## Provided entries
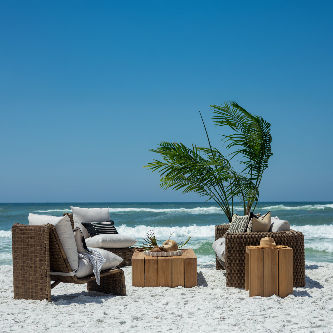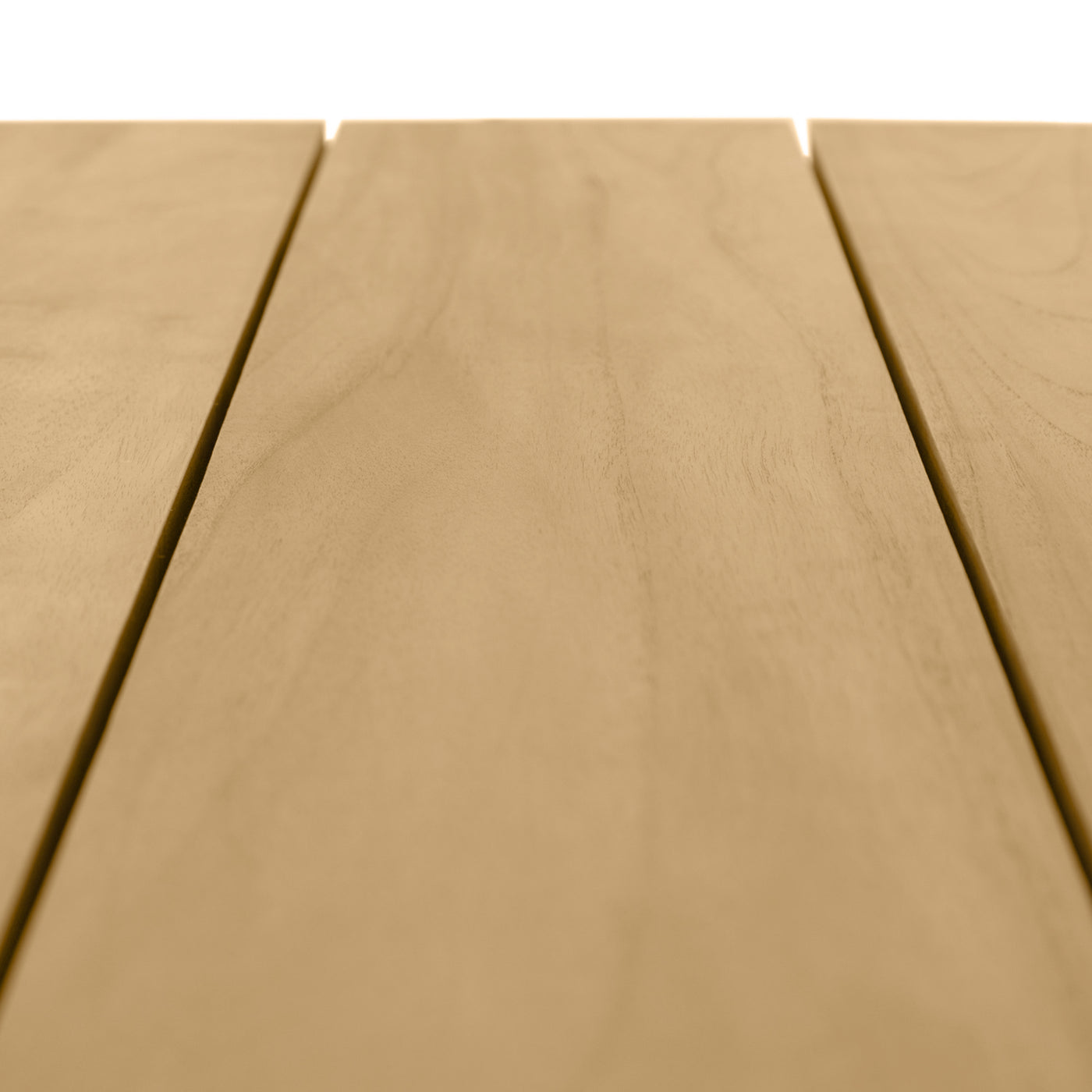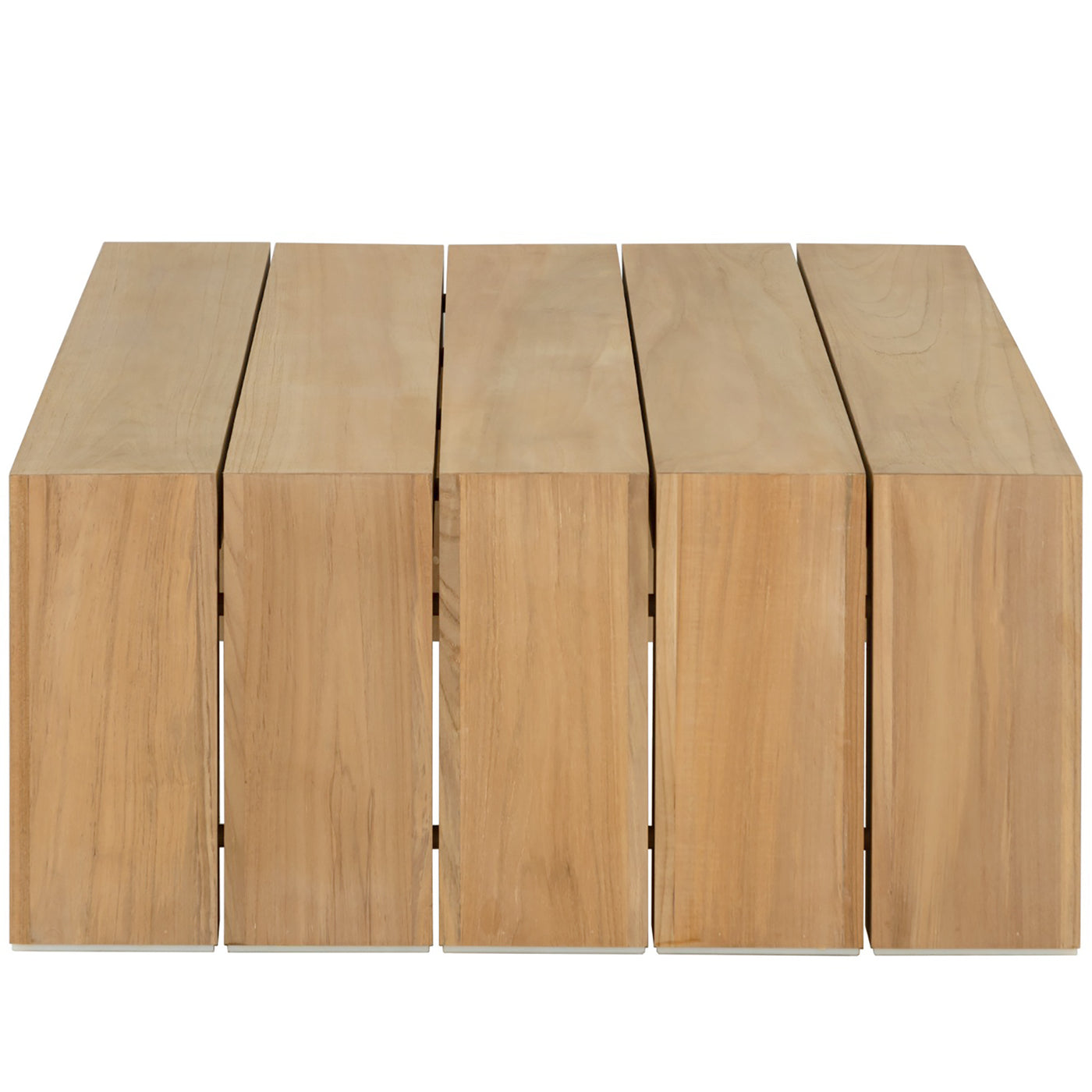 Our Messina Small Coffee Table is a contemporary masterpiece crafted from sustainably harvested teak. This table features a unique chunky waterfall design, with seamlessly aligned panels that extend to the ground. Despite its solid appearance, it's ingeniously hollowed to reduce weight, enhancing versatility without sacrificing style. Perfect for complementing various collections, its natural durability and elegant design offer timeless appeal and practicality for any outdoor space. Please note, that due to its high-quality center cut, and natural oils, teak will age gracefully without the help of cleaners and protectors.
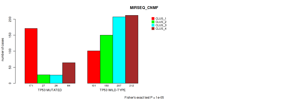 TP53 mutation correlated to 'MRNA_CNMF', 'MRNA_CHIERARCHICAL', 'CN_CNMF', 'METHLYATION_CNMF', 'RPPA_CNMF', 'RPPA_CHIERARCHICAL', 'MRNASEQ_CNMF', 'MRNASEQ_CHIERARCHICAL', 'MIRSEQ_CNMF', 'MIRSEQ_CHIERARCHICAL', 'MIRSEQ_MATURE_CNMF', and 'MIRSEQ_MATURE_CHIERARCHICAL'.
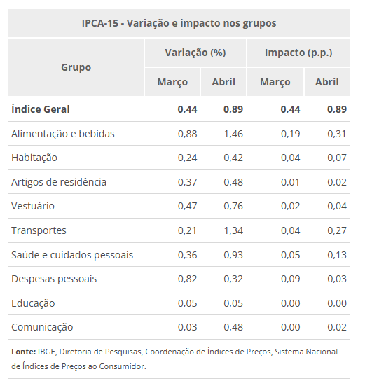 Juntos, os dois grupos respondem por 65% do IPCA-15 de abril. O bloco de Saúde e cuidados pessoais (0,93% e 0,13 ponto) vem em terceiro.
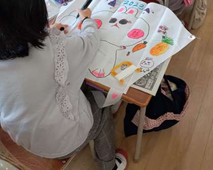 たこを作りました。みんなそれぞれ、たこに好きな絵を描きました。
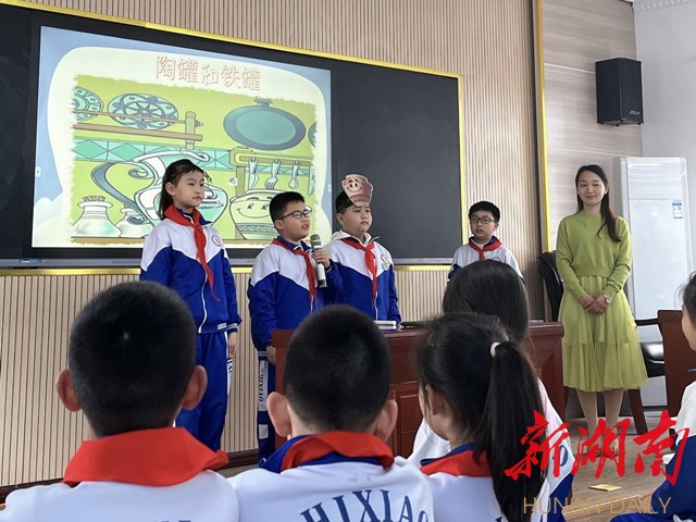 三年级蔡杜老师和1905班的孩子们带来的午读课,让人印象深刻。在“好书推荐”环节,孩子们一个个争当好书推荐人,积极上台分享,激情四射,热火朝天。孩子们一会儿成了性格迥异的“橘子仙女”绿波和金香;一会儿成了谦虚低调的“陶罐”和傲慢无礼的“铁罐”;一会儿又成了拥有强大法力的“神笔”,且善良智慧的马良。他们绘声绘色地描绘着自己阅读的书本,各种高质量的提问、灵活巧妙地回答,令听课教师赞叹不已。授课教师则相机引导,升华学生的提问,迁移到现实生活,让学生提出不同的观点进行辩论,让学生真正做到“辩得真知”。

* * *

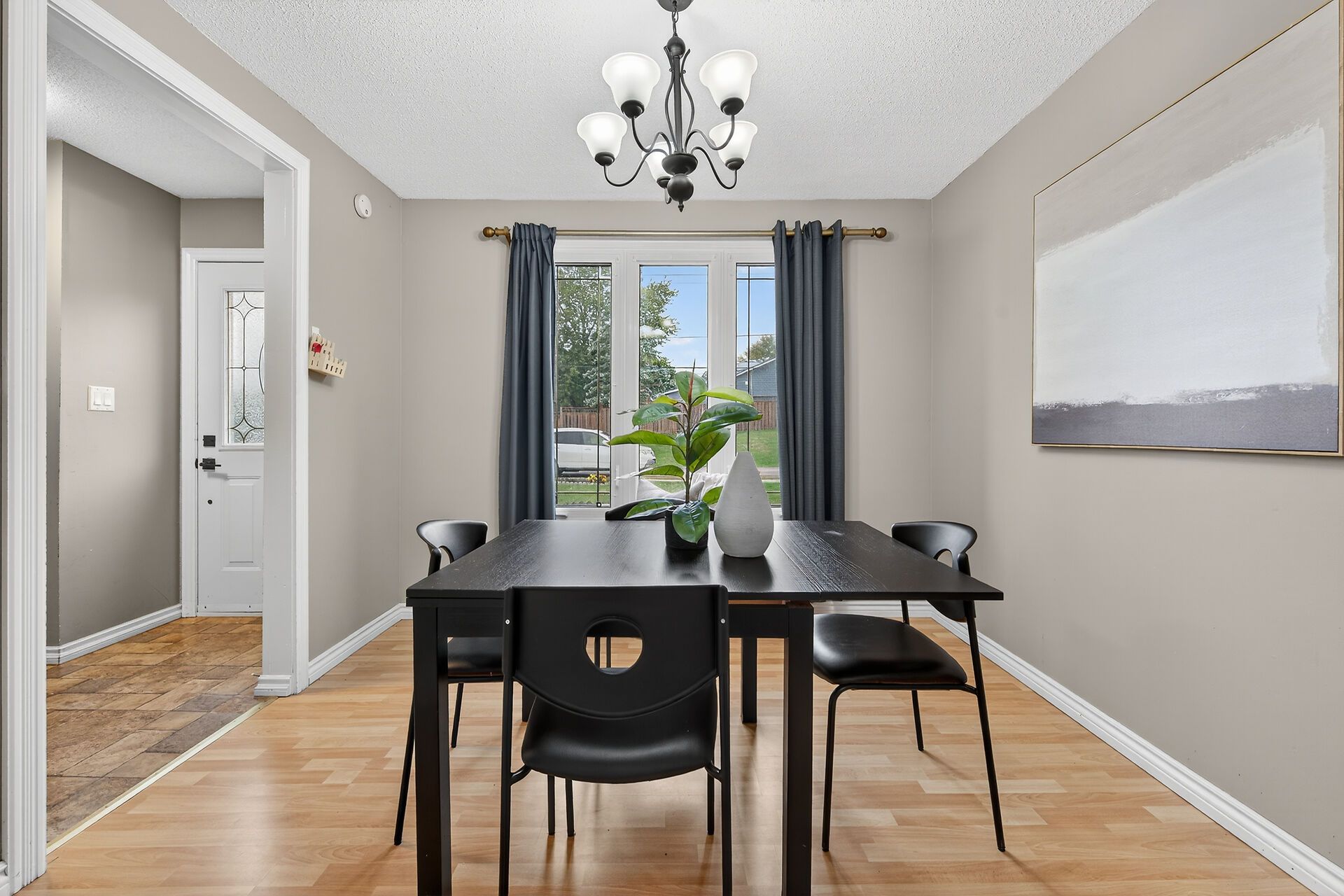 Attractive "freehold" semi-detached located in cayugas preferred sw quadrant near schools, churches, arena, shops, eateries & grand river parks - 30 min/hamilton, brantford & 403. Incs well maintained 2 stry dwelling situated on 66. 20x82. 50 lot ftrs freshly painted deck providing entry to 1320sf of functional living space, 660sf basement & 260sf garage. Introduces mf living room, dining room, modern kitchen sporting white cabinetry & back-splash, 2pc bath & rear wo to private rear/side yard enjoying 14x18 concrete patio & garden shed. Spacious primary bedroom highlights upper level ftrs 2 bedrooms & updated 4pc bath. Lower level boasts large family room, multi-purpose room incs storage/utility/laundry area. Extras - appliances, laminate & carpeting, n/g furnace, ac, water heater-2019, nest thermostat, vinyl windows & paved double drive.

## Problem statement
Copy exactly the material above from the line with "たこを作りました。みんなそれぞれ、たこに好きな絵を描きました。" to the line with "三年级蔡杜老师和1905班的", ends included, and nothing else. Leave out any picture.

## Solution to this task
 たこを作りました。みんなそれぞれ、たこに好きな絵を描きました。
 三年级蔡杜老师和1905班的孩子们带来的午读课,让人印象深刻。在“好书推荐”环节,孩子们一个个争当好书推荐人,积极上台分享,激情四射,热火朝天。孩子们一会儿成了性格迥异的“橘子仙女”绿波和金香;一会儿成了谦虚低调的“陶罐”和傲慢无礼的“铁罐”;一会儿又成了拥有强大法力的“神笔”,且善良智慧的马良。他们绘声绘色地描绘着自己阅读的书本,各种高质量的提问、灵活巧妙地回答,令听课教师赞叹不已。授课教师则相机引导,升华学生的提问,迁移到现实生活,让学生提出不同的观点进行辩论,让学生真正做到“辩得真知”。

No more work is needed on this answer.